I guess this has been discussed previously, but I think it might be more appropriate with a list of pointers to fences. There is an allocation overhead, for this, but allocation from a mem cache should really be fast enough, and the list entries can be allocated during ticket_reserve to avoid errors in the commit code.
bo->fence_shared[bo->fence_shared_count++] = fence;
It might be good if this function had access to a light version of a cross-device struct fence * order_fences(struct fence *a, struct fence *b) function that can quickly check two fences and determine whether signaling one means that the other one also is signaled. In that case one or more of the shared fences can be unreferenced, putting less pressure on the fence_shared array. The lightweight version of order_fences is allowed to fail if there is no simple and quick way of ordering them. Could perhaps be added to the fence API.

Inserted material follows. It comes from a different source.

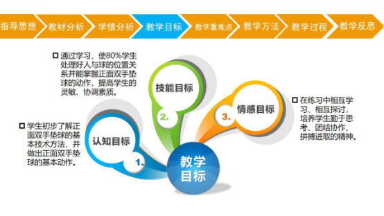 2、技能目标:85%的学生基本掌握气排球特有的各种垫球技术,20%的学生熟练掌握气排球特有的各种垫球技术,同时发展手部灵活性、反应灵敏性、上下肢协调性等身体素质。
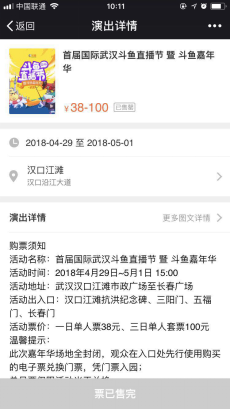 3月28日,斗魚直播官方微博公布了首屆國(guó)際武漢斗魚直播節(jié)的售票信息,并開始一個(gè)月倒計(jì)時(shí)。水友們心心念念的這一天終于要到來了!

And (even though not part of the reservation API) There is a heavyweight version of that cross-device function int order_fence(struct fence *a, int gpu_engine) needed for the validation code exclusive fencing that *makes sure* fence a has signaled before the current gpu_engine executes its commands. For some gpu - fence pairs the ordering is done implicitly since they share the same command stream, for some it's possible to insert barriers in the gpu_engine command stream (radeon and nouveau is doing that), and if there is no other way of doing it, the code will need to wait for the fence.
}
fence_get(fence);
Hmm. Perhaps a fence_get(fence, NUM) to avoid a huge number of atomic incs?
object_unreserve(bo, ticket);
- }
- reservation_ticket_fini(ticket);
+} +EXPORT_SYMBOL(ticket_commit);
Thomas